Differential Analysis on the Granulosa Cells Microarray Data in Identifying HA and NA PCOS Specific Genes
The combined flowchart for first part of our study was illustrated (Fig. 1a). Co-occurrence analysis based on the abstract of PubMed published papers was performed to stat the correlation between PCOS and four subtypes of ovarian cells including granulosa cells, cumulus cells, theca cells and stromal cells. Granulosa cells were with the most text-mining correlation within the four cell subtypes with PCOS (Fig S2a). Microarray analysis was then performed on granulosa cells from 12 individuals. Clinic information illustrated these individuals were within three groups: normal individuals, HA PCOS individuals and NA PCOS individuals (Table S1). Groups were separated based on clinical symptoms and testosterone level, and afterwards granulosa cells in all groups were collected and assayed. Pearson’s correlation analysis for all genes based on the expression value of the 12 samples showed high quality for our microarray data (Fig S2b).
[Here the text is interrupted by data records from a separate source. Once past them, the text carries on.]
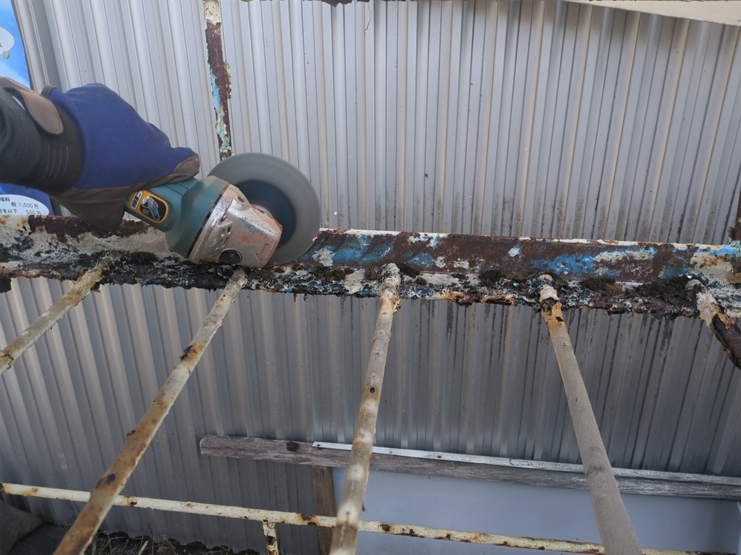 そのため電気工具のサンダーを使用して、既存塗膜と錆をできるだけ除去し、十分な錆止め効果と密着性を保てるように下地処理を丁寧に行いました。
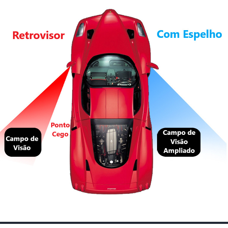 Espelho  permite que você veja claramente quaisquer pontos cegos sem interrupções, fazendo com que você fique seguro na estrada, seja avançandoinvertendoestacionandoultrapassando, trocando de faixa e assim por diante!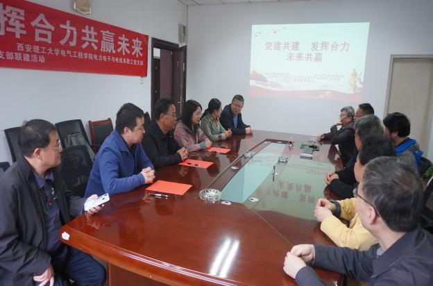 为实现基层党组织优势互补,促进党建业务双融合,充分发挥基层党组织和广大党员在推动行业发展、凝心聚力等方面的先锋带头作用,努力构建“资源共享、优势互补、互相促进、共同提高”的党建工作新格局,电气工程学院电力电子与电机系教工党支部与西安市电源学会党支部、瑞志电源公司党支部于2023年11月4日联合开展支部共建活动。
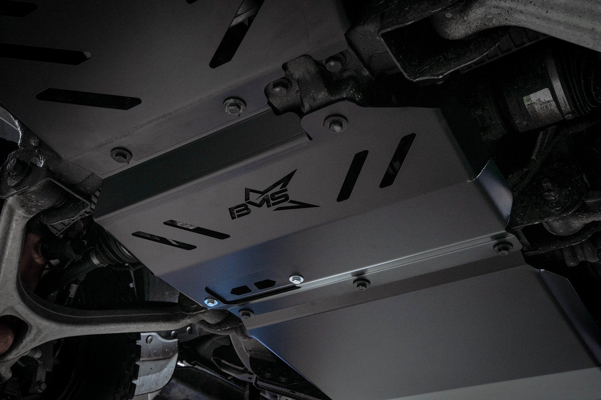 BMS Engineering проектирует каждое изделие под конкретный автомобиль – вот почему защита BMS на Ford Ranger Raptor устанавливается без доработки, на штатные точки крепления. Алюминий или сталь – выбор материала зависит от ваших задач.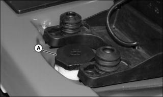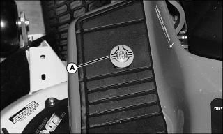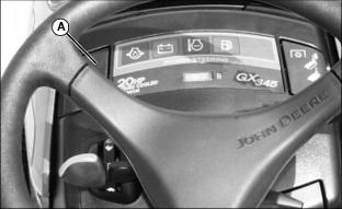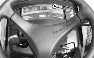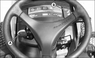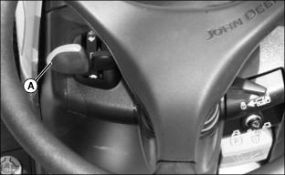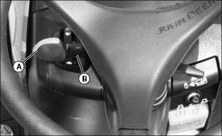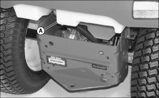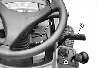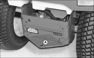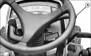 2. Push differential lock pedal (A) down to the foot rest. Lock will remain engaged as long as pedal is depressed.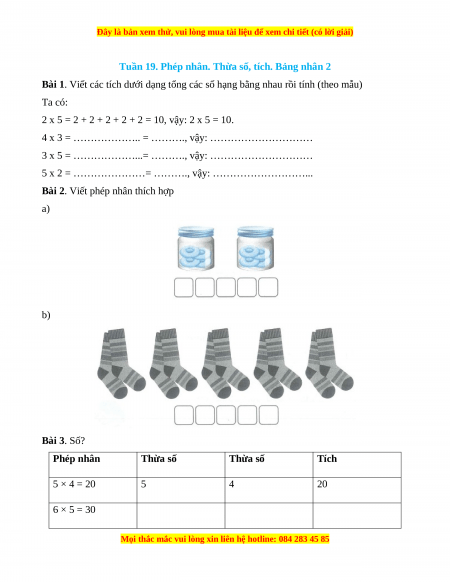 Tuần 19. Phép nhân. Thừa số, tích. Bảng nhân 2
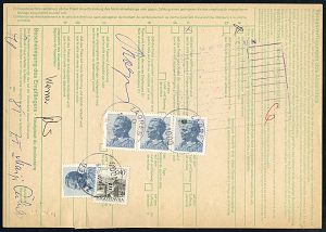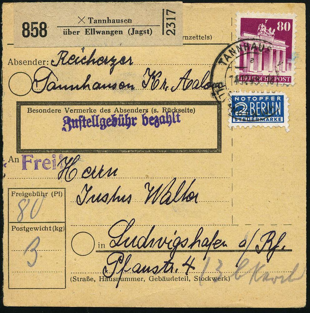 3905 | 15 € | POSTLEITRAUM 7000 (OHNE STUTTGART) : TANNHAUSEN/ a/ über/ ELLWANGEN (JAGST) 1949 (14.12.) 2K-Steg = PSt.I + 1L: Zustellgebühr bezahlt (rechts etw. undeutl.) EF 80 Pf. Brandenbg.Tor + Paketzettel: X Tannhausen/über Ellwangen (Jagst), Inl.-Paketkt.! (Mi.94 wg EF) | ![]() | |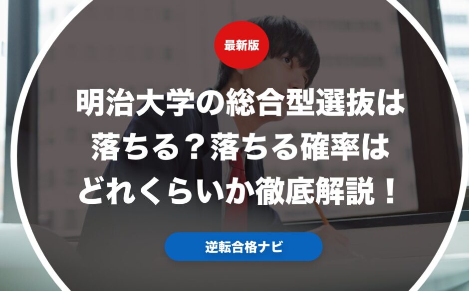 明治大学の総合型選抜は落ちるのかどうかから実際の落ちる確率を解説します。明治大学の総合型選抜の落ちる原因から実際の受験生のデータをもとに落ちる可能性を解説します。明治大学の総合型選抜において落ちる可能性を下げるための対策方法についても具体的に紹介します。明治大学の総合型選抜で大学受験を考えている受験生の方や保護者の方はぜひ参考にしてください。

We further validated the precision of the microarray result using quantitative real-time PCR (RT-qPCR) method to check the 14 top genes in microarray data and found the RT-qPCR result was in concordance with microarray data and some published work (Fig. 1c). Box Whisker plot, matrix plot, principal component analysis (PCA) and sample clustering analysis further confirmed the quality of our microarray data(Fig S1a-d).
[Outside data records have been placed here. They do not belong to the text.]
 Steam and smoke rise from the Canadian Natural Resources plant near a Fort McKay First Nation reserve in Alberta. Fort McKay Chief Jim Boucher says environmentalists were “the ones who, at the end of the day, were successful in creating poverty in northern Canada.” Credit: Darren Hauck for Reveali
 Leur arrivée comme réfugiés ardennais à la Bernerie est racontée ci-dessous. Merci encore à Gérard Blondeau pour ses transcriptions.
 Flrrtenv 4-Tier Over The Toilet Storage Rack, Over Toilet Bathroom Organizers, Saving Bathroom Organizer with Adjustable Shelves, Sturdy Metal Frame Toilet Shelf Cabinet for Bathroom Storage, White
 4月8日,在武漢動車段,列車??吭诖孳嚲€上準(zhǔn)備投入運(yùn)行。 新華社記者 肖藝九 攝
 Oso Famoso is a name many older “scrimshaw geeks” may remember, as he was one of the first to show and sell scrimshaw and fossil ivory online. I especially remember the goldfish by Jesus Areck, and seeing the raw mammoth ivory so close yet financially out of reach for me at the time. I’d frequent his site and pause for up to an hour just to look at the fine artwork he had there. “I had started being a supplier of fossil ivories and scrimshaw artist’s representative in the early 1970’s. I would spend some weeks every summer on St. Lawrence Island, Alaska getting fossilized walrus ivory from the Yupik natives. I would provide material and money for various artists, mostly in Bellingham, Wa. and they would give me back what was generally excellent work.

The microarray data was then preprocessed and normalized. Differential analysis was afterwards performed and showed 615 HA PCOS, NA PCOS or NM differentiated genes including a series of known PCOS and feminine tumor markers (Fig. 1b). These results confirmed the clinical research value for our microarray data. We further filtered the genes expressed highest in HA PCOS or NA PCOS, and with statistical difference with the other 2 groups, and these genes were named HA or NA PCOS specific genes. On this filtering, 130 NA PCOS specific genes and 43 HA PCOS specific genes were identified. Functional analysis was afterwards further applied on the selected specific genes to deeper filter NA PCOS and HA PCOS potential marker genes.
Functional Analysis On Ha Pcos Specific Genes
DAVID Gene Ontology (GO) analysis was performed on the 43 HA PCOS specific genes (Fig. 1d)29. Our most interesting term were the terms associated with glucose metabolism according to the close interaction between PCOS and insulin. The glucose metabolism terms possessed approximately 25% of all terms (Fig S2c). The DAVID KEGG Pathway (KEGG) results for HA PCOS were not showing patterns for our interest. Thus for the next step, genes on these glucose metabolism biological process (BP) terms were extracted, and the number of terms which these genes appeared were counted (Fig. 1e). CASR and SOX4 were appearing on 2 terms and then selected. STRING ppi analysis were afterwards performed on CASR and SOX4 using multi-protein function and pressing “+” once to display all the inter-proteins between CASR and SOX4 (Fig S2d). CASR possessed more ppi interactions than SOX4. Meanwhile, co-occurrence analysis showed that CASR was co-occurred with PCOS, HA PCOS, NA PCOS and androgen receptor, while SOX4 was merely co-occurred with androgen receptor (Fig. 1f, Fig S2e). According to these results, SOX4 was consequentially removed, and CASR was selected as new HA PCOS functional marker.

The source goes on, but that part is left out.